Полина царапала кожу спины о сухую межплиточную затирку в заданном Ильей бешеном ритме: он яростно вбивался в нее, то удерживая за бедра, то упираясь ладонью в стену, просунув руку ей под колено. Но она не чувствовала ни пощипывания царапин на коже, ни того, как прикладывалась затылком о кафель, — только Илью глубоко внутри себя и каждое его порывистое движение, каждый частый вдох и шумный выдох, собственные жалобные стоны, впитывающиеся в стены душевой, и звуки слияния их мокрых тел, растворяющихся в шуме воды.
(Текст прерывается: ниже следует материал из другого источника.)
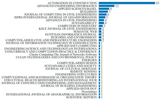 This research used NoteExpress v3.7.0 [52] to analyze the journal distribution of selected papers, and the result is shown in Figure 2, with Automation in Construction [53] as the top journal. The fields of these papers mainly lie in AEC/FM, computer science, and geographic information science. This result aligns with the objective of this review.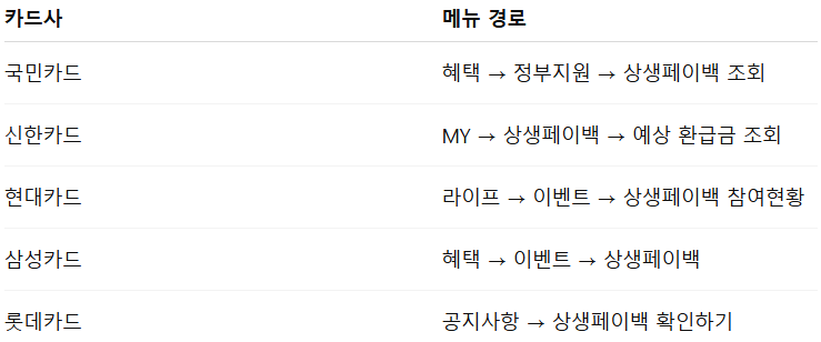 여러 카드사 사용 중이라면 공식 상생페이백 홈페이지가 가장 정확합니다.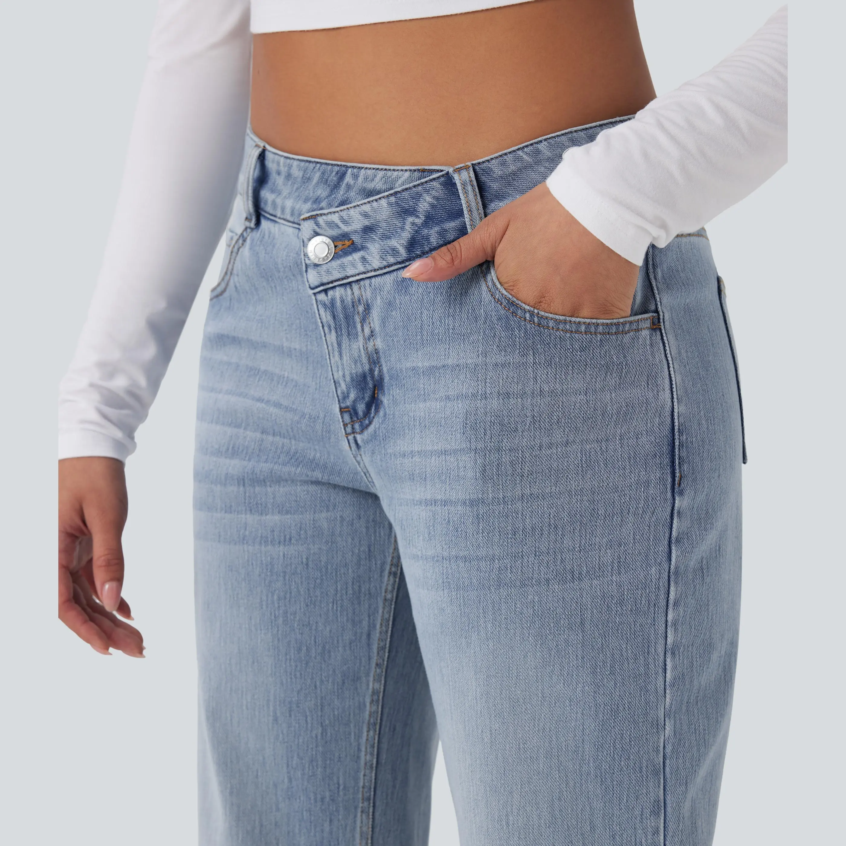 Love these jeans & being straight leg but not tight on my legs is even better!!! I have had 9 abdominal surgeries the A symmetrical button is life changing! I’ve replaced all my jeans with these.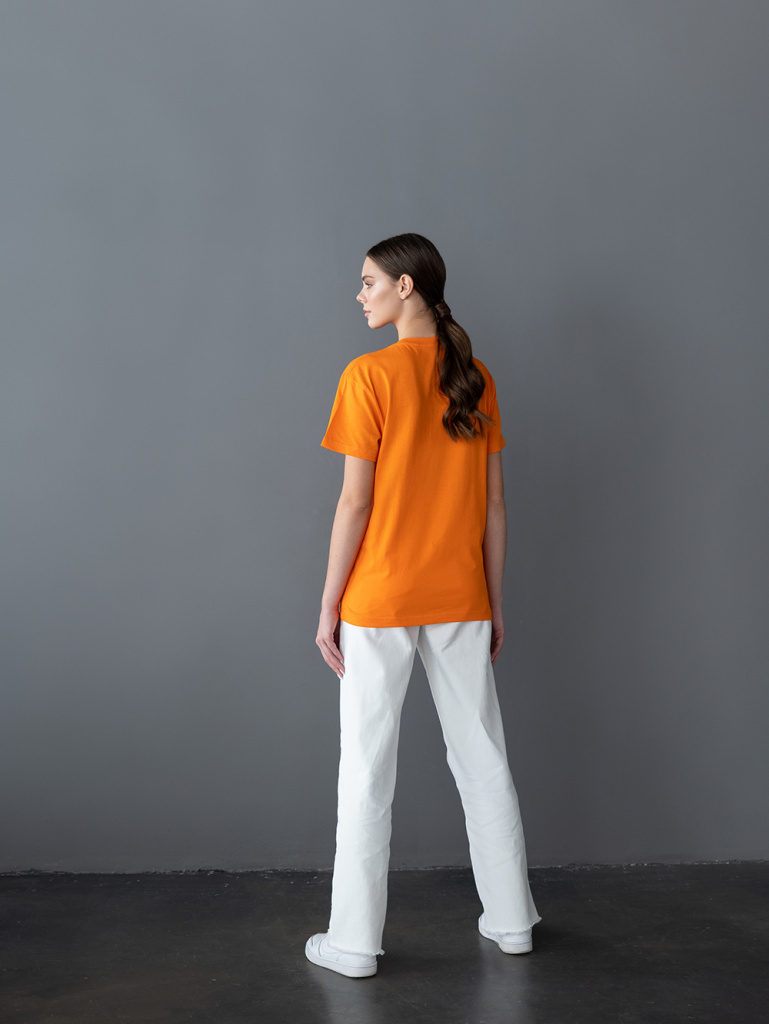 Футболка выполнена из мягкого и прочного полотна из 100% хлопка. Материал обладает отличными влагоотводящими и воздухопроницаемыми свойствами. Ткань легкая и приятная к телу.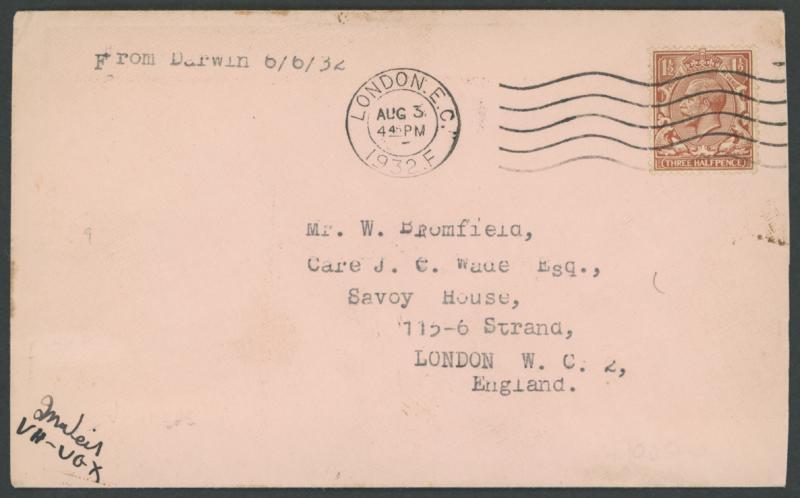 1932 (July) cover to London carried privately by the pilot James Weir from Darwin with his signature at lower-left, the flight interrupted by monsoons in Malaya & damage caused in a poor landing at Karachi where the flight was abandoned due to Weir falling ill, AAMC 265 (two carried), Cat $1500. Illustrated in Volume Two at page 209, where two other covers are recorded.

И пусть иной раз Полина болезненно сводила брови от глубины его проникновения, ей все равно хотелось, чтобы Илья оказался в ней еще глубже и наполнил настолько, что смог вытеснить собой все стороннее, и так давно потерявшее для нее смысл.

Балансируя у самого края, Полина чувствовала, что ее вот-вот накроет оргазмом, и в страхе упустить это давно забытое ощущение, рваным шепотом просила Илью не останавливаться, лишь бы он не сменил положение или не сбился с темпа. Однако Илья и без того понял, насколько она близка. Он глубоко ее поцеловал, прижался к ней лбом и поймал ртом протяжный высокий стон.

Полина обмякла в тщетных попытках сморгнуть черноту перед глазами, невольно прислушиваясь к высокочастотному гулу в ушах. Отголоски удовольствия обволакивали каждую клеточку ослабшего тела, позволяя ей сполна прочувствовать это. Но Илья не дал Полине опомниться. Стремительно поставив ее на подрагивающие ноги, он придержал ее за плечо, и она сквозь не сошедшую поволоку смотрела, как Илья резко задвигал рукой, подводя себя к тому, что пару мгновений назад испытала Полина. В ту же секунду он глухо застонал, и от этого низкого стона ее окатило новой волной жара, будто усиливающего остатки внутренней пульсации.

Упершись лбом в стену рядом с Полиной, Илья провернул металлическую рукоятку на смесителе, отчего уже привычный фоновый шум воды тотчас стих. Она протянула ладонь к его ходившей ходуном груди, прильнула к нему и вскинула усталые глаза, где Илья мгновенно растворился, и без того ощущая себя бестелесным сгустком энергии. Меж тем Полина заворожено смотрела, как с его мокрых волос стекают капли воды, и как Илья смаргивает влагу с темных ресниц. Она не могла отнять взор от черноты его глаз, выраженной линии напрягшейся челюсти, зацелованных ею приоткрытых губ. Приподнявшись на цыпочках, Полина обвила Илью руками за шею с намерением его поцеловать, и именно в этот момент подумала, что порой стоит на все плюнуть и поддаться своему безрассудству. Потому что сегодня ее безрассудство положило начало очередной новой главы, где она и ее телохранитель — просто влюбленные мужчина и женщина, достаточно осмелевшие для того, чтобы оставаться таковыми и за пределами душевой боксерского зала.